◆ WHAT TO PRODUCE: I'd like the full listing transcribed exactly, with no images included.

◆ MATERIAL PROVIDED:

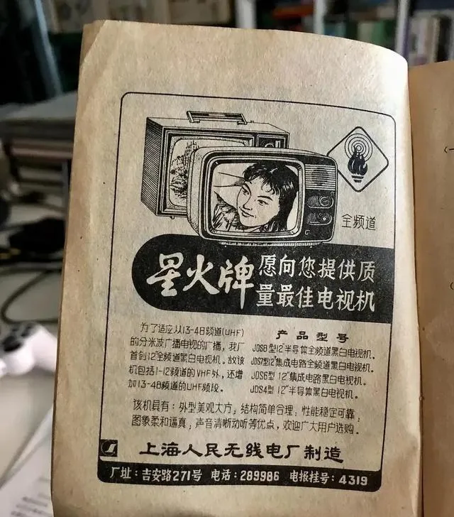 这个黑白插图是星火牌电视广告页,小姑娘笑在显像管里,左上角画着全频道字样,妈妈说当年看见这页广告心都动了,可那会儿工资本就紧,把买电视的念头压在抽屉底下,先攒票再攒钱,等买到第一台时已经是彩电了。
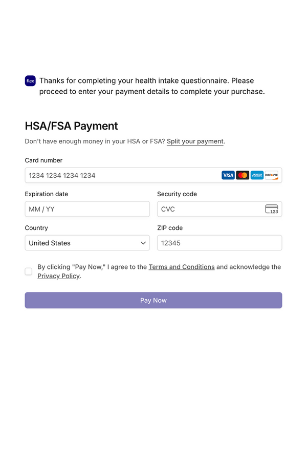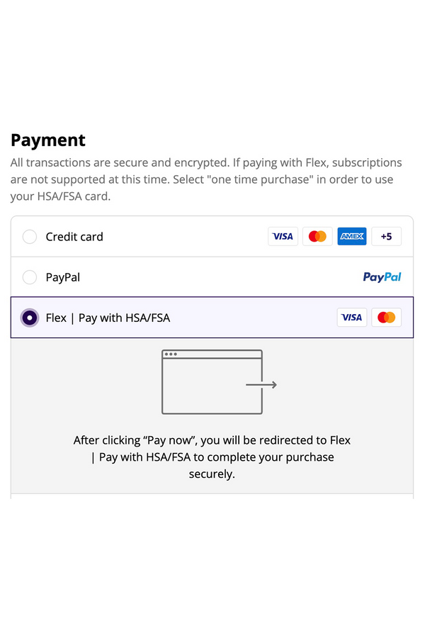 Pay with HSA/FSA. If you don't have your HSA/FSA card handy, you can also check out with a regular credit or debit card and submit your receipt to your HSA/FSA administrator for reimbursement. Please note that subscriptions with Flex payments are not available at this time.
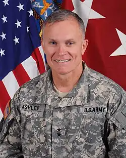 Robert Paul Ashley Jr. is a retired lieutenant general in the United States Army who served as the Director of the Defense Intelligence Agency from 2017 to 2020. He previously served as Deputy Chief of Staff of the Army G-2.[1] He received a commission through ROTC as a 1984 graduate of Appalachian State University.[2] He retired from active duty on October 1, 2020.[3] He currently serves as Senior Advisor to the Chairman of Arcanum, a global strategic intelligence company.[4] He is the son of a United States Air Force veteran of the Korean War who later lived in North Carolina and worked a sewing machine mechanic.[5] Ashley is a commissioner on the Afghanistan War Commission.[6]

◆ EXERCISE RESPONSE:
 这个黑白插图是星火牌电视广告页,小姑娘笑在显像管里,左上角画着全频道字样,妈妈说当年看见这页广告心都动了,可那会儿工资本就紧,把买电视的念头压在抽屉底下,先攒票再攒钱,等买到第一台时已经是彩电了。
 Pay with HSA/FSA. If you don't have your HSA/FSA card handy, you can also check out with a regular credit or debit card and submit your receipt to your HSA/FSA administrator for reimbursement. Please note that subscriptions with Flex payments are not available at this time.
 Robert Paul Ashley Jr. is a retired lieutenant general in the United States Army who served as the Director of the Defense Intelligence Agency from 2017 to 2020. He previously served as Deputy Chief of Staff of the Army G-2.[1] He received a commission through ROTC as a 1984 graduate of Appalachian State University.[2] He retired from active duty on October 1, 2020.[3] He currently serves as Senior Advisor to the Chairman of Arcanum, a global strategic intelligence company.[4] He is the son of a United States Air Force veteran of the Korean War who later lived in North Carolina and worked a sewing machine mechanic.[5] Ashley is a commissioner on the Afghanistan War Commission.[6]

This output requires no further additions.